Они пошли за ним, беседуя и рассуждая.
– Какой толк, – говорил Стосердечный, – в оружии без мужества? Это значит снабжать оружием своего противника.
– Неужели Мужество кончилось? – спросил Критило.
– Да, ему пришел конец, – отвечал вожатый. – Нет уже в мире Геркулесов, чтобы побеждали чудовищ, карали за несправедливость, оскорбления, тиранию; совершать злодеяния и покрывать их найдется много охотников; что ни день – сотни тысяч злодейств. В прежние времена был один Как – один обманщик, один вор на целый город; ныне на каждом углу свой Как, в каждом доме его логово. А сколько Антеев, сынов своего века, рожденных из праха земного! Кругом когтистые гарпии, семиглавые и тысячу раз семинравные гидры, распаленные похотью кабаны, обуянные гордынею львы! Повсюду кишмя-кишат легионы чудищ, и не видно человека столь мужественного, чтобы пройти до столпов стойкости, продвинуть их на рубежи возможностей человеческих и покончить с химерами.
– О, как недолго жило Мужество в мире! – сказал Андренио.
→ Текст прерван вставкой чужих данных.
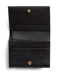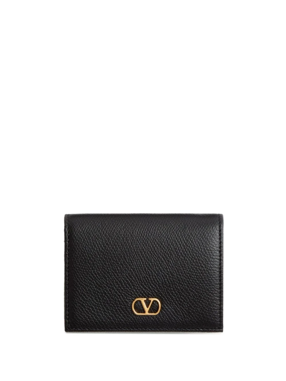 VLogo Signature wallet Highlights - Black - Calf leather - Pebbled texture - Gold-tone logo plaque - Foldover top with press-stud fastening - Internal card slots Made in Italy Composition Outer: Calf Leather 100%, Metal 100% Lining: Viscose 100%, Calf Leather 100% SIZE & FIT Measurement LENGTH 1.77 in(4.5 cm) WIDTH 1.29 in(3.3 cm)

– Да, недолго, человек отважный и соратники его живут недолго.
– А от чего оно умерло?
– От яда.
– Какая жалость! Лучше бы в бессмертной – ибо столь смертельной – битве под Нордлингеном [448] или при осаде Барселоны, доблестный конец – жизни венец. Но от яда! Злая доля! А как дали ему яд?
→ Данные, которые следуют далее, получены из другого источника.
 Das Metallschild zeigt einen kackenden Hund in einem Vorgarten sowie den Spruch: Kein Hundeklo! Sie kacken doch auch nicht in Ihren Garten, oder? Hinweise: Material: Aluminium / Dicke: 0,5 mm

– В виде порошков более смертоносных, чем миланские [449]; более губительных, чем из спорыньи, из языка сплетника, предателя, мачехи, шурина или свекрови.
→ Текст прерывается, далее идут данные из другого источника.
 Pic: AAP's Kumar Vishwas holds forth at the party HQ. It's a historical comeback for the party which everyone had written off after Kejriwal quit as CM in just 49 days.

– Говоришь так, потому что милые эти люди любому запорошат глаза и утопят в грязи, на крови замешанной?
– Нет-нет, я выразился вполне точно. Так далеко зашло коварство людское, что потомкам нашим уже нечего будет делать. Оно изобрело порошки ядовитые и губительные, что, как чума, косят подряд великих людей; с той поры, как порошки эти в ходу и даже в чести, нет на свете доблестного человека, сгубили всех славных. Теперь и думать нечего о Сидах или Роландах, героях прошлого. Ныне и Геркулес стал бы марионеткой, и Самсон разве что чудом уцелел бы. Говорю вам – изгнаны из мира отвага и храбрость.
– Что ж это за злокозненные порошки? – спросил Критило. – Не из молотых ли василисков или внутренностей сушеных гадюк, из скорпионьих хвостов, из очей завистливых да похотливых, из кривого умысла, коварных замыслов, злых языков? Неужто в Дельфах опять разбился сосуд, и отрава залила всю Азию? [450]
– Того хуже. И хотя говорят, будто в составе этих порошков адская сера, стигийская селитра [451] и уголь, раздуваемый чихом дьявола, я утверждаю, что они из сердца человеческого, более непреклонного, чем Фурии, более неумолимого, чем Парки, более жестокого, чем война, более бездушного, чем смерть: нельзя вообразить изобретения более кощунственного, отвратительного, нечестивого и пагубного, чем порох, названный так потому, что он в прах обращает род человеческий. Из-за него-то и перевелись троянские Гекторы, греческие Ахиллесы, испанские Бернардо. Сердца уже нет, сила не нужна, ловкость бесполезна: мальчишка сокрушает исполина, заяц стреляет в льва, трус в смельчака – удаль и отвага теперь ни к чему. – А я, напротив, слыхал, – возразил Критило, – что нынешнее мужество превосходит прежнее. И то посудить – насколько больше храбрости требуется от человека, чтобы противостоять тысячам пушек, насколько больше силы духа, чтобы ждать ураганного огня бомбард, быть мишенью смертоносных молний! Вот это – мужество, древнее против него – пустяк; нет, именно теперь мужество в зените, оно в бесстрашном сердце, а прежде заключалось оно в дюжих руках мужлана, в крепких икрах дикаря.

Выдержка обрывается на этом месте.